È Graziano Lingua a orientare invece successivamente il fuoco della discussione sulla questione dell’identità e delle possibili vie verso l’integrazione politica interne all’Unione europea. In prima battuta, Lingua analizza i limiti della posizione, esemplificata dal pensiero di Joseph Weiler, che vorrebbe inserire all’interno della Costituzione europea un riferimento alla tradizione religiosa e alle radici cristiane: un tentativo che vorrebbe quindi raggiungere il telos dell’integrazione politica sulla base di una identità culturale di matrice cristiana, condivisa e diffusa in tutto il continente. Questa posizione rivela però per Lingua non soltanto l’impossibilità di rinvenire un ethos comune europeo di matrice religiosa, a causa della stratificazione e della pluralità di confessioni, ma anche concreti rischi di integralismo e chiusura verso l’esterno. In seconda battuta, Lingua mostra poi la fecondità della posizione, di ascendenza habermasiana e ripresa anche da Jean-Marc Ferry, che pone invece al centro dell’attenzione la nozione di patriottismo costituzionale: una posizione secondo la quale l’integrazione politica europea sarebbe possibile sulla base di una condivisione di principi democratici e costituzionali e di diritti umani civili e umani fondamentali.

Con il saggio di Paolo Guerrieri il discorso si sposta poi sugli aspetti maggiormente economici del progetto europeo: con particolare riferimento al tema dell’unione monetaria e alle politiche economiche e fiscali, il contributo tenta infatti di mettere in luce, da una parte, l’attuale situazione di crisi e stasi finanziaria e, dall’altra parte, le possibili vie di uscita. Filo conduttore dell’intero ragionamento del saggio è una critica alla timidezza di alcune tra le più recenti politiche economiche comunitarie, come per esempio il Quantitative Easing (QE), la strategia Juncker e il Rapporto dei Cinque Presidenti: politiche che se da un lato sono state in grado di contribuire a una parziale ripresa post-crisi, dall’altro non sono risultate sufficientemente incisive rispetto al tessuto comunitario. Come contraltare di questa situazione, Guerrieri propone la messa a punto di un vero e proprio disegno europeo sulla crescita e l’economia: un piano attraversato da specifiche misure, quali strumenti in grado di far leva sulle politiche economiche dei governi nazionali e meccanismi di condivisione e gestione delle politiche fiscali, dell’intermediazione finanziaria e del sistema bancario. Questa strategia è secondo Guerrieri fondamentale per controbilanciare l’eccessivo attendismo e la prudenza delle politiche comunitarie di questi ultimi anni, che rischiano non soltanto di non risolvere i problemi immediati ma, oltre a ciò, di dare vita a un pericoloso ristagno, luogo privilegiato per l’avanzata di movimenti nazionalistici e l’emergere di tendenze euroscettiche.

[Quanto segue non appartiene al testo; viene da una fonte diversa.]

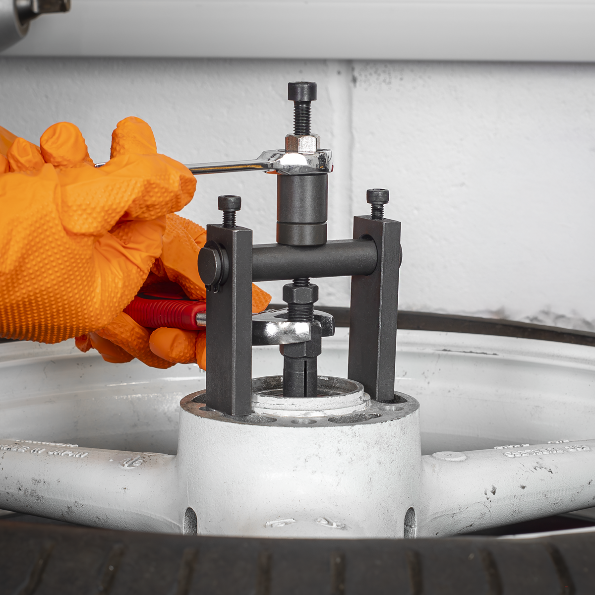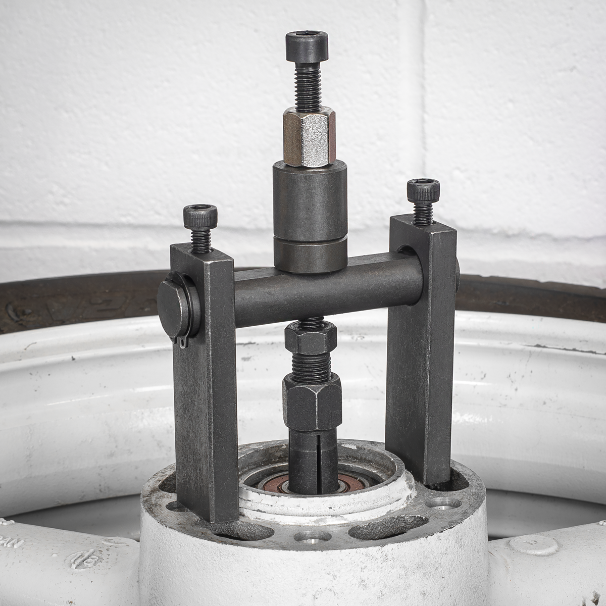 Screw-type bridge extractor set. The thin tapered lips on the collets secure a positive grip on the curved surface of the internal bearing bore. Gently removes blind bearings where the use of a slide hammer may damage the surrounding material. Bearing extractor collets with internal capacity from 8 to 27mm.

Chiude la prima parte del numero il contributo a firma di Marco Baldassari e Alberto Quintavalla, dedicato a una puntuale analisi delle forme che lo scetticismo e le critiche nei confronti dell’Unione Europea possono assumere: critiche che, come ben evidenziato dagli autori, si presentano come evidenziatura dei suoi lati oscuri e dei suoi problemi giuridici, economici e politici. Nello specifico, sono due le linee guida che orientano il discorso di Baldassari e Quintavalla. In primo luogo, gli autori si occupano dei limiti interni, relativi cioè ai rapporti esistenti tra il diritto costituzionale europeo e l’operato delle Corti Costituzionali dei singoli stati aderenti all’Unione. Un rapporto che si presenta come una duplicità di ordinamenti: da una parte, i tentativi della realtà giuridica comunitaria di imporsi come fonte normativa primaria, dall’altra le reazioni nazionali, divise invece tra un’accettazione della convivenza e il tentativo di salvaguardare i diritti e gli ordinamenti locali dall’ingerenza europea. In secondo luogo, gli autori focalizzano poi la loro analisi sul cosiddetto vincolo esterno, rivolgendo l’attenzione del discorso ad aspetti differenti rispetto a quello strettamente giuridico. In prima istanza, le difficoltà dell’unione economica monetaria, ancora una volta attraversata da un indebolimento delle decisioni dei singoli stati e spesso considerata troppo squilibrata sul versante monetario rispetto alle concrete politiche economiche. In seconda istanza, la questione della democraticità, della sovranità popolare e del calo di partecipazione al processo decisionale da parte dei cittadini, per la quale gli autori suggeriscono, in chiusura di contributo, un superamento della dimensione meramente mediatico-teatrale a cui essa sembra essere stata confinata.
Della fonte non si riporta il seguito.